But don't worry, you can avoid such a situation if you start providing for a comfortable retired life as soon as possible. All you need to do is to deploy a small part of your current income to provide for cash flows that last your lifetime.

Retirement planning assumes increased significance as the good old government jobs, providing lifelong pension and free or subsidised health care, are not common now.

With declining standards of public healthcare and absence of any social security, the retirees today can be in for a big surprise. In short, the retirement-planning atmosphere is witnessing a dramatic shift, moving from a system of dependence to one of increased self-reliance.

Given the kind of changes in the organised and unorganised employment sector, it's impossible to tell what the future holds. And no matter what awaits us, it is very clear that time is running out fast, if you do not take charge of your financial destiny.

Investment options
PPF/NSC:
Some of the most preferred savings instruments for a longer duration are Public Provident Fund and National Savings Certificates (VIII). These are basically tax saving instruments but are a good bet for retirement planning. PPF is eligible for a maximum rebate of Rs 12,000 and the interest income is also exempt from tax. Interest income on NSC is eligible for deduction under section 80L, while the lumpsum amount received on maturity is also exempt from tax. Both the instruments offer an assured return of 11 per cent, each per annum.
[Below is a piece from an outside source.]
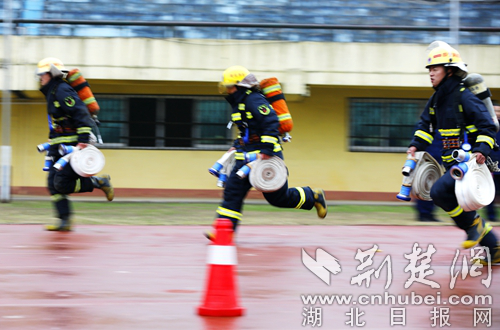 圖為開展100米負(fù)重跑科目現(xiàn)場(chǎng)。 通訊員 朱燕林?jǐn)z

LIC's Jeevan Suraksha: Life Insurance Corporation's Jeevan Suraksha also helps you save for your retirement. One can contribute Rs 150, and draw a pension after the age of 55 years or a life-long monthly pension with an option to commute 25 per cent of the corpus. Investment under the policy is deductible from income for income tax under section 80CCC(1), subject to a maximum of Rs 10,000.
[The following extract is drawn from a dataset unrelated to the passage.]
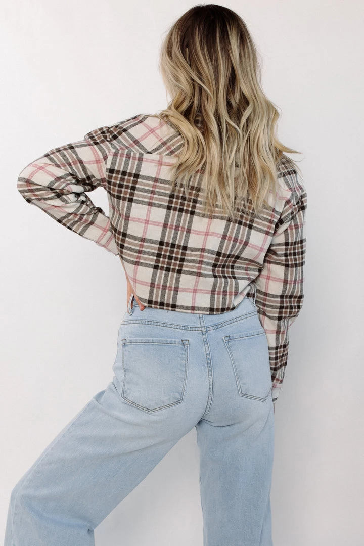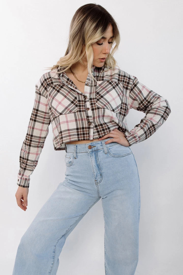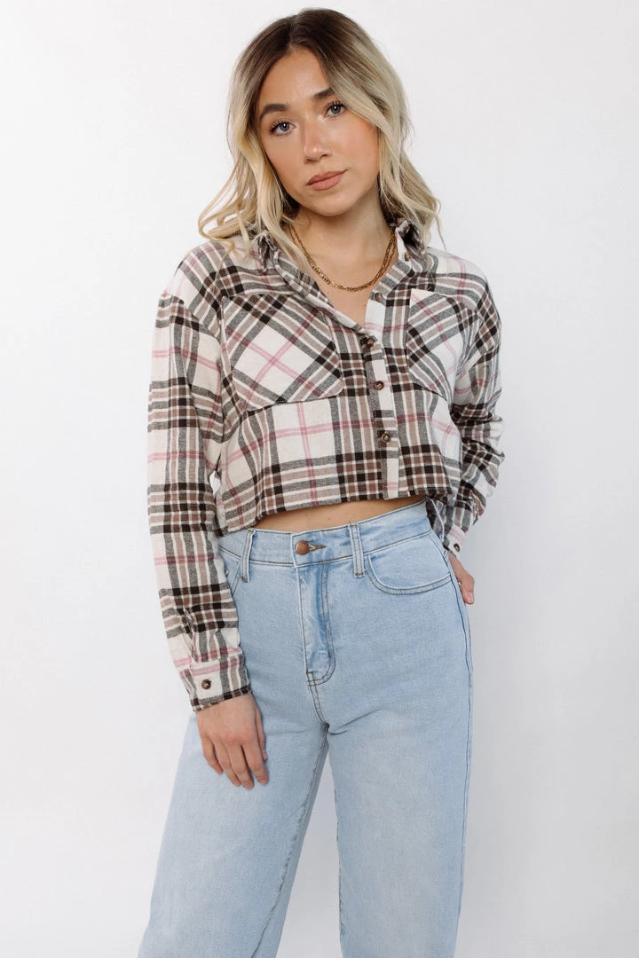 Your new favorite flannel. Soft flannel button-down shirt cut in a loose, boxy fit that’s cropped to the waist.

In other words, if your income is Rs 1 lakh per annum, income tax will be charged only on Rs 90,000 on an investment of Rs 10,000 in this scheme. Being a pension-cum-insurance scheme, it provides a fixed return to investor after his superannuation. Besides, the scheme gives 50 to 85 per cent of the target annuity as family pension. The policy comes with or without insurance benefits.

Besides the above options which are mainly fixed-income yielding, two dedicated pension funds are available today, which in their present form are strait jacket balanced fund. This may not be the ideal solution for many investors but is the best available given the tax break and upside for their equity allocation. Though these fund are well suited for a conservative investor, the key reason why these funds are not ideal of long-term saving. This is because regulations do not permit these funds to have a significant exposure to equities - the best performing asset class over long-term though volatile over short time periods. Investments in these funds are also eligible for tax rebate upto a maximum of Rs 12,000 on an annual investment of Rs 60,000.

Kothari Pioneer pension plan: Launched in March '97, investment has to be a minimum of Rs 10,000 in lumpsum or in installments of at least Rs 500 upto the age of 58 years. After the specified time, subject to a three-year lock-in, three choices are available for investors - regular income that leaves the corpus intact, partial withdrawal with income on the balance units and full withdrawal. For any withdrawal before the age of 58, the fund charges a 3 per cent load (10 per cent load if the total sum invested on the date of redemption is less than Rs 10,000).

UTI's RBUP: Launched in 1994, the scheme involves a minimum contribution of Rs 10,000 in lumpsum till the age of 58 years or in installments of at least Rs 500 till the age of 52 years. The fund distributes monthly income starting from the age of 58, subject to a lock-in of 5 years. Repurchase is allowed after 70 years. Any premature repurchase attracts a 10 per cent load.

The ideal form of a pension fund will be a provision of a pension option in all kind of funds like equity, debt and balanced, the way we had the Section 54EA and EB options. This coupled with reasonable tax break for investment with a lock-in till an investor retires or attains a stipulated retirement age. Besides, there should be stiff deterrent by way of penal tax for early exit. Following this model, overnight we will have a wide choice of flexible pension plans.